Well, I had me a scary sick day today.
I woke up for work and as I started getting ready I felt a little off. It wasn’t my blood sugar, because I checked that first thing after waking up.
I went and laid back down for a bit, asked my wife to drive our son to school, then called my boss to let her know I was going to be a bit late. Thinking that I would just rest for a bit, then would be back in action.
I also thought I should probably have something to eat, maybe I just needed to get something in my system. I had breakfast, bolused for it, and shortly after my wife & kids left for work it all came back up.
I proceeded to toss about every 30 minutes or so. Like clockwork. I couldn’t keep anything down.
Ack! What to do?!
I got sincerely scared at this point. I couldn’t keep anything down, but desperately needed to get some glucose in my system. And I was home alone. I tried sucking on a glucose tablet, some vague memory that glucose is able to be absorbed right through the cheek membrane. For the record, it made me want to ralph, and after about a half hour I spit the damn thing back out and don’t think any of it made it’s way into my system.
Do I call my wife and ask her to come home? Do I call her and have her get me to the hospital?
And through all of this I was feeling so completely miserable that the idea of a car/ambulance ride anywhere made me want to puke some more. I just wanted to sleep, more than anything in the world I just wanted to rest.

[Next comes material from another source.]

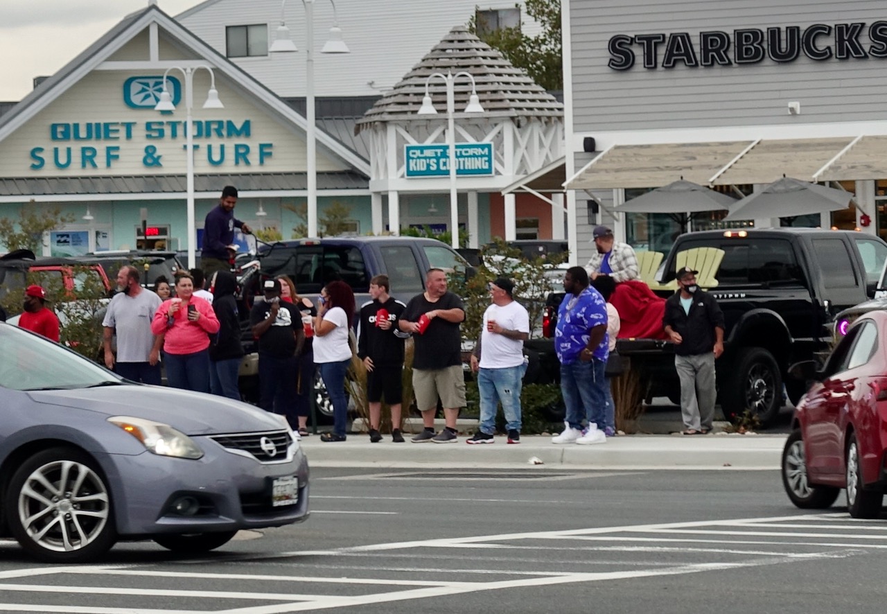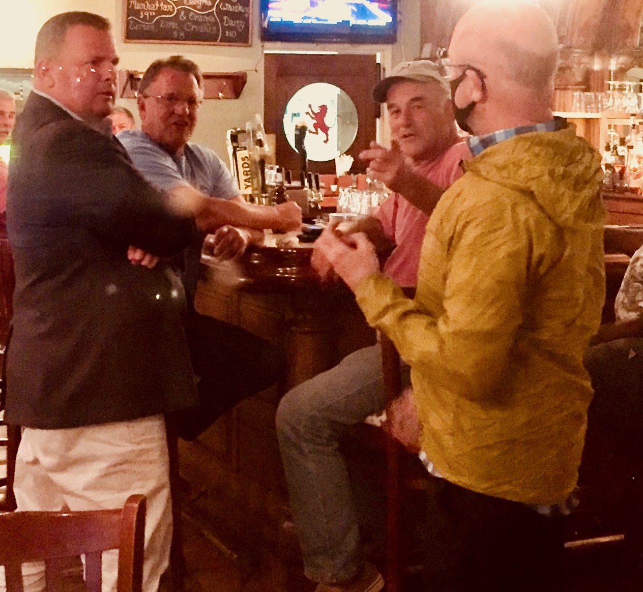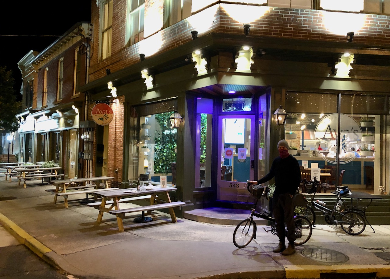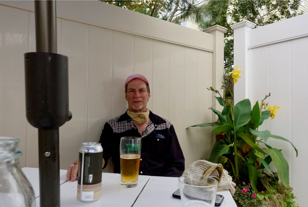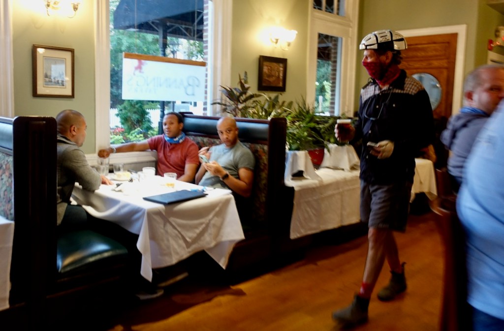 It was late in the afternoon when we left to bicycle the eleven miles back to Easton MD. We arrived back in downtown Easton just as it was getting dark. We decided we would have a beer. We had no interest in hanging in any enclosed space like a bar. Outside one place was an empty outdoor table and we walked (masked) inside to get a beer. Several guys at the bar were not practicing social distancing. We got our beers and walked outside.

I started a temp rate for 6 hours at 0% – effectively turning the pump off. I still had 10 units on board from breakfast and my BG was at 88. I figured if I could just get ahead of the curve a bit that I would be Ok.

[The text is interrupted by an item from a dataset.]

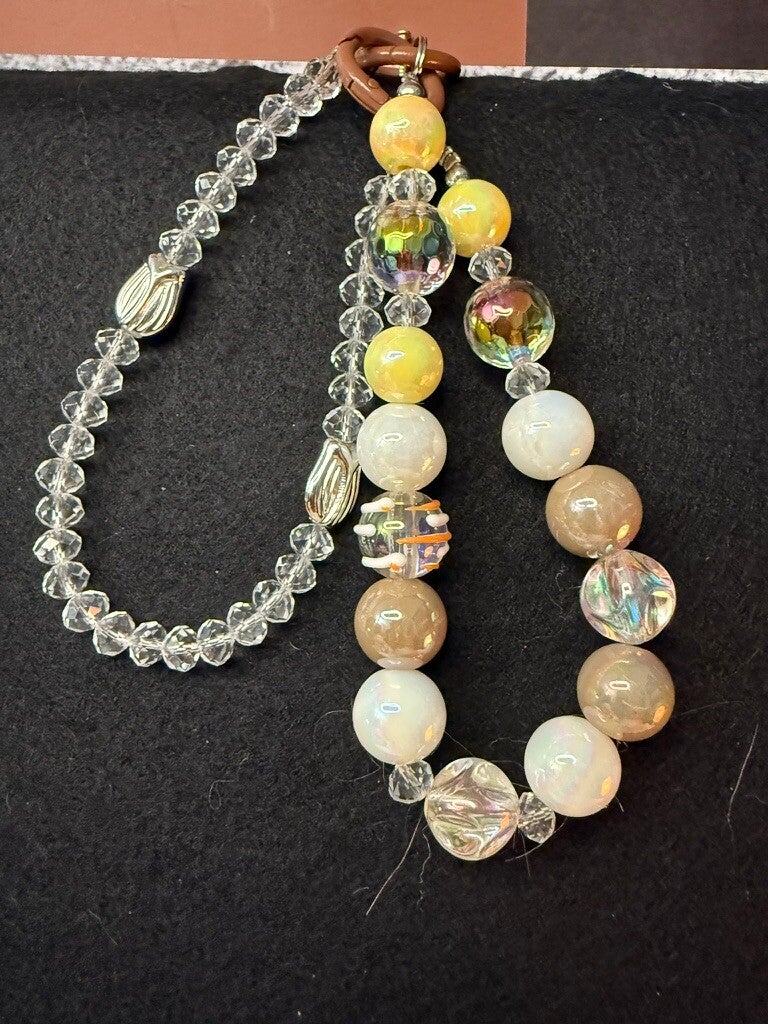 Hand-strung statement charm featuring milky opal-look rounds, warm sand marbles, lemon-yellow faceted glass, and AB rainbow crystals, finished with gold accents and tulip caps. Comes with a detachable clear-crystal mini strap so you can style it as a bag charm, wristlet, phone strap, or key fob. Lightweight, sparkly, and one-of-a-kind—your everyday sunshine.

Well, as Ok as I could be laying around puking my guts out that is.
Figuring that within an hour or so my 0% temp rate will start raising my blood sugar, eating up some of that IOB (Insulin On Board), and if I could get some sprite in there to help be bridge the gap that I would probably be Ok.

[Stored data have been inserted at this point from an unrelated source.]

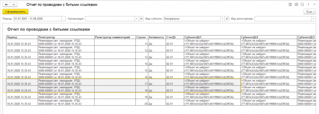 Отчет нужен для поиска битых ссылок. Как ни странно, задача сложнее, чем может показаться на первый взгляд. Пришлось оптимизировать запросы, потому что если делать ее в лоб, то она будет падать даже на самых небольших базах.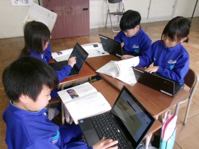 2年生は、今日初めて読んだ説明文「ロボット」の特徴を入力していました。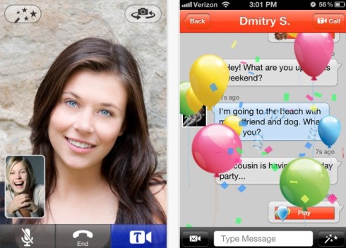 Esta es una app para hacer vídeo llamadas y enviar mensajes de vídeo, así como mensajes de texto. Lo entrete es que puedes añadir emoticones mientras haces la vídeo llamada. Es entrete, aunque muy poca gente lo usa.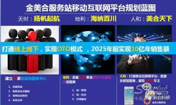 未来,金美合汽车服务站的目标是通过O2O模式,在全国发展1500家金美合汽车服务站加盟商,服务100万车主,在8年内达到10亿年销售额的目标。
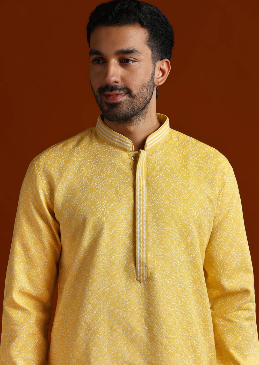 For haldi mornings and bright celebrations, this yellow jacquard men’s kurta set lays a soft print over a lively base. The texture gives the shade a gentle glow that photographs well in natural light. You feel cheerful, neat, and guest-ready. Awarded as the Most Trusted Brand, we're delivering styles you love, just as promised.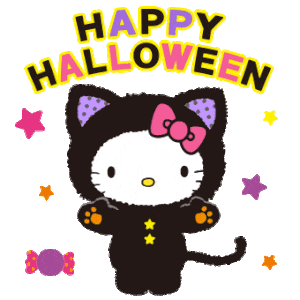 Hello Kitty in a black cat costume blinks and wishes Happy Halloween with stars and candy.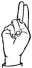 На ћирилици написано МИРКО УЛЕМЕК састоји се из 11 слова [?]. Исписано ћириличном једноручном азбуком за глувонеме:

You know how after you throw up, you actually feel better for a little bit? Well I took those opportunities to get some sugar sprite in my system. Over the next three or four hours I managed to get down about 16 ounces. Little bits of that coming back up with the next episode.
After a while I was able to sleep through the rough spots and stop vomiting, finally getting some badly needed rest. When I woke up later, I tested 165. I was actually very proud of myself for pulling through that situation and landing at 165. It was a major accomplishment.
But I must say, that it was one of the first times in a long time that I felt really and truly scared, and was afraid that I would not be able to pull through it without some help. The help being the frickin’ ambulance or something like that, which we all like to avoid at nearly all costs.
I’m also a bit ashamed to admit that I did not call my wife, or anyone else. I really really should have at least let her know what was going on. She knew I was not feeling good, but did not know about the potentially disastrous low blood sugar that might have happened. And as I think about it, it was no real good reason for not calling. It was mostly just not wanting to get up to get to the phone, not wanting to scare her, and (do you believe this) not wanting to inconvenience anyone. How ridiculous of me, and very dangerous. Do NOT follow this example if the situation should ever happen to you.